Time is just one of the many things taken for granted by this lifestyle. Days go by just trying to get work finished or at least do just enough to get by, rarely making an effort to best utilize their time, or even think about it. At work or during school, time is most often spent daydreaming and looking at the clock waiting until it is time to head home. Time at home is no better spent, watching telivision for hours at a time (6 hours and 47 minutes on average), children, young and old, waste their timeon video games rather than bettering themselves by studying, or by going out and experiencing the world first hand. The time that spent on meaningless things could be used to make a better nation and even a better world. We could use this wasted time on things such as charity, or helping others who are in need. The answer in correcting our waste of time is perhaps in our own past.
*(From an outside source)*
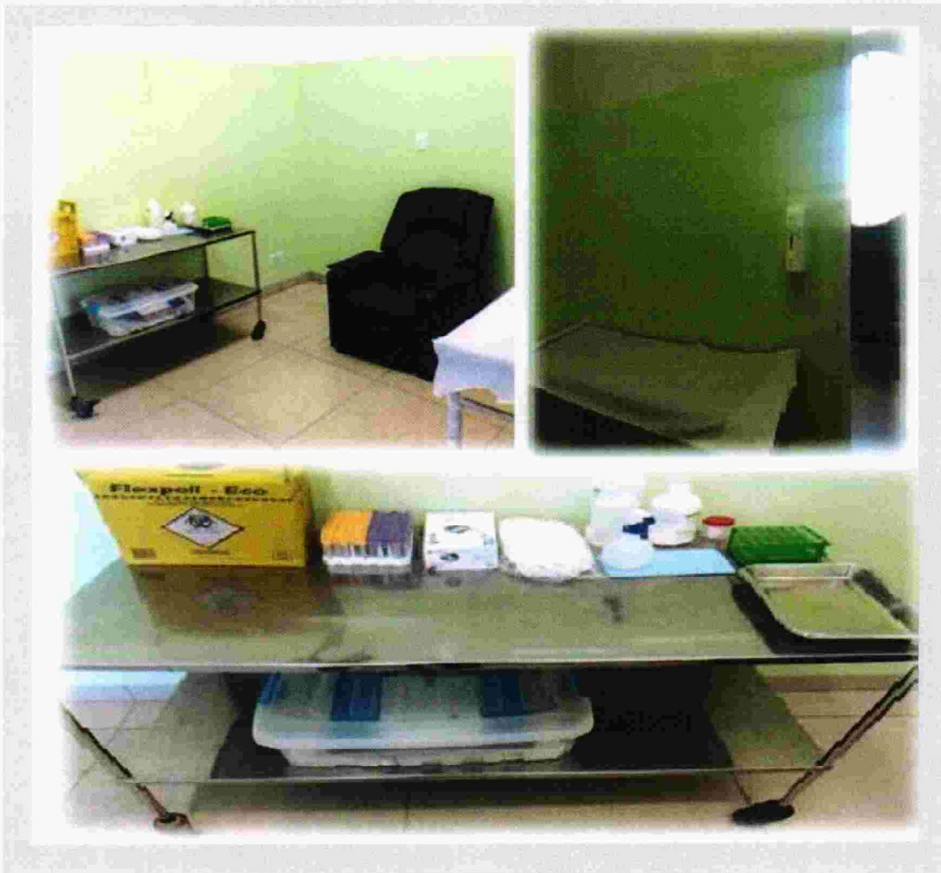
Figura 4: SALA PARA COLETA DE SWAB: SALA PARA COLETA DE MATERIAL BIOLÓGICO E SWAB PARA TESTE DA COVID-19.

In the past society valued its time strongly. People of these time periods understood that the work they were able to complete was all dependent on the time available. With less technology and more hard work necessary to get by they knew that the way to survive was in the way they used time. Farming was the primary way of life and it was important to get all work finished during the day because if you did not then the work would have to be completed on the next day. If this procrastinate society would look to this period and take notice of the way they treated time and how they used it wisely it would benefit the world and improve the way people live today.
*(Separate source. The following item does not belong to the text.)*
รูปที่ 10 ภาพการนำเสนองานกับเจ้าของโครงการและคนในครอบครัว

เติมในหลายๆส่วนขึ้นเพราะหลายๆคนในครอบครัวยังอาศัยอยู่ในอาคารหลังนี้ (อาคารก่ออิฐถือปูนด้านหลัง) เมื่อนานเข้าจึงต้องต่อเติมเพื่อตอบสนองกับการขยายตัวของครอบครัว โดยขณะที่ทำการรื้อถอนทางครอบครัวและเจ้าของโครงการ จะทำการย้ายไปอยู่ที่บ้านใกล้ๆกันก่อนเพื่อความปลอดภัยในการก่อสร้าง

Easy, cheap access to information, food, transportation and products people desire has caused waste to grow. From food waste that could easily be prevented to that of the environment – one which much research would be required to better solve – to time – a waste rarely mentioned but very common – this society has been growing increasingly wasteful. It is so much easier and requires no thought to just leave the sandwich on the table or throw the empty bottle on the ground. Why do more work on the school project when friends are waiting to kill more zombies in that new zombie game? We have the time, the brain power, and the resources to fix this problem, let's not waste it.